Source data:

········

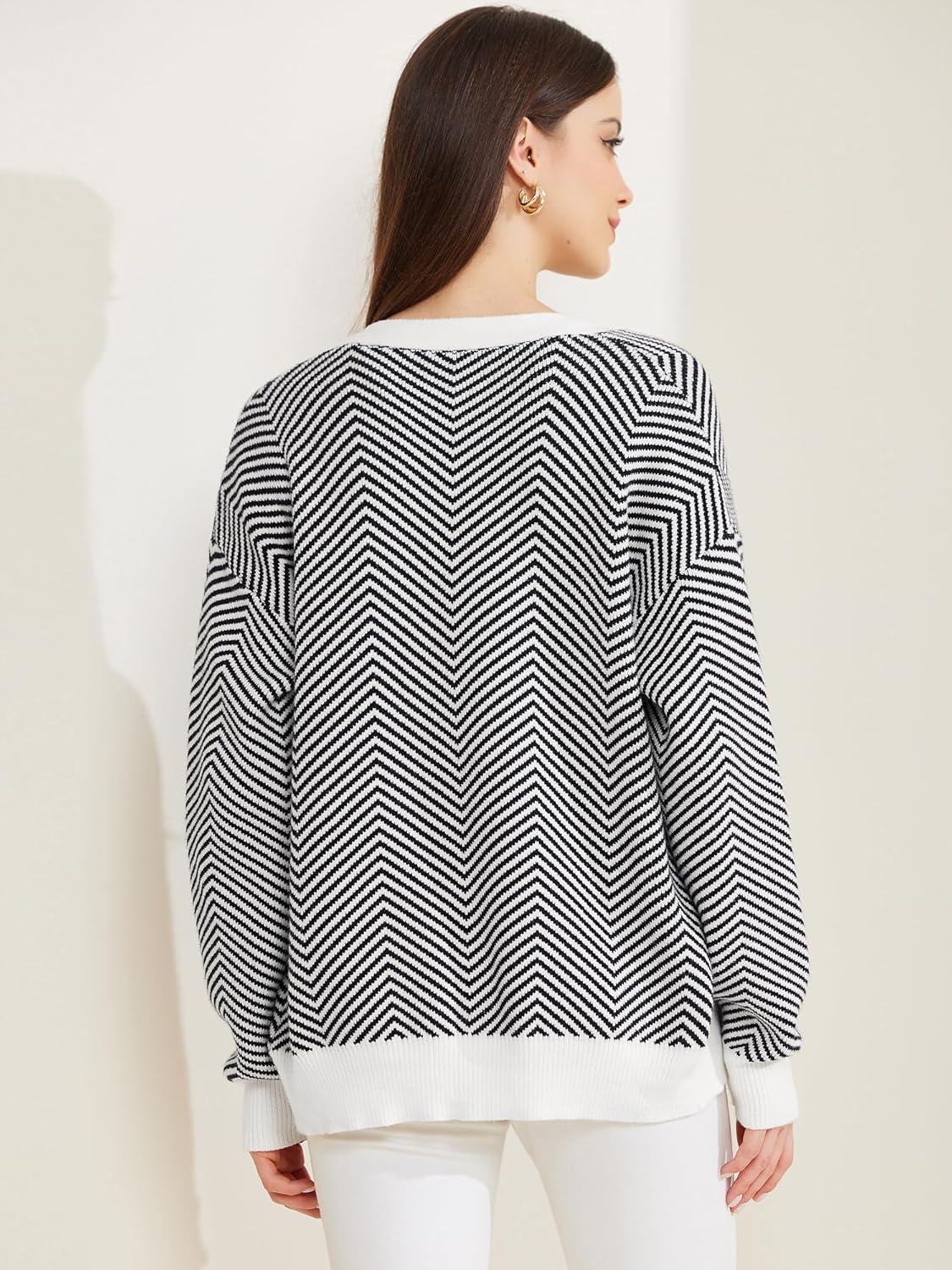 Allegra K Women’s Striped Cardigan Sweaters Open Front Button Down V Neck Cardigans(Black)
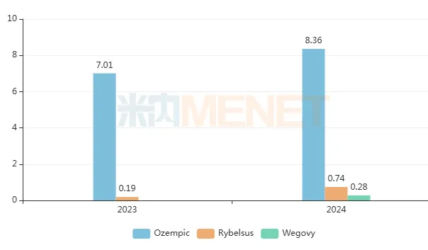 诺和诺德在2024年中国市场营收达26.85亿美元,同比增长13%,占其全球总营收的6.37%。诺和诺德在GLP-1领域是第一梯队的强者,其王牌产品司美格鲁肽在中国市场已经获批并商业化有Ozempic(注射用降糖药)、Wegovy(注射用减重药)以及Rybelsus(口服降糖药)。三个剂型的司美格鲁肽在2024年销售额已超过9亿美元,同比增长30%,司美格鲁肽展现出的市场竞争力令人惊叹,对同类产品形成碾压性优势。
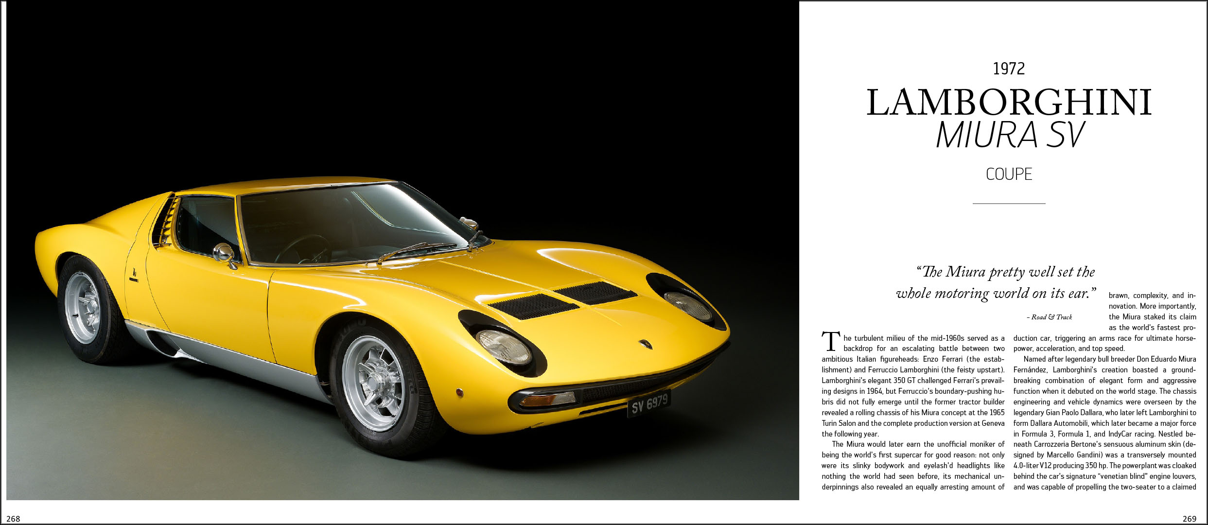 Das letzte Kapitel führt den Leser dann von 1970 bis ins Jahr 1997 und umfasst so eine große Zeitspanne aus der 13 Modelle vorgestellt werden. Dabei sind aber ausnahmslos Modelle bei denen sich der Kenner gerne den Kopf verdreht. Lamborghini Miura, Porsche 917, Lancia Stratos oder BMW M1 sind nur einige der vorgestellten Legenden. Das aktuellste berücksichtigte Modell ist der McLaren F1 GTR im der Rennkonfiguration welcher schon heute zu den Klassiker der Rennwagen gezählt werden darf.

········

Work required:
Give back, exactly as written, the lines from the top of the material through the line with "诺和诺德在2024年中国市场", ends included and pictures left aside.

Written response:
 Allegra K Women’s Striped Cardigan Sweaters Open Front Button Down V Neck Cardigans(Black)
 诺和诺德在2024年中国市场营收达26.85亿美元,同比增长13%,占其全球总营收的6.37%。诺和诺德在GLP-1领域是第一梯队的强者,其王牌产品司美格鲁肽在中国市场已经获批并商业化有Ozempic(注射用降糖药)、Wegovy(注射用减重药)以及Rybelsus(口服降糖药)。三个剂型的司美格鲁肽在2024年销售额已超过9亿美元,同比增长30%,司美格鲁肽展现出的市场竞争力令人惊叹,对同类产品形成碾压性优势。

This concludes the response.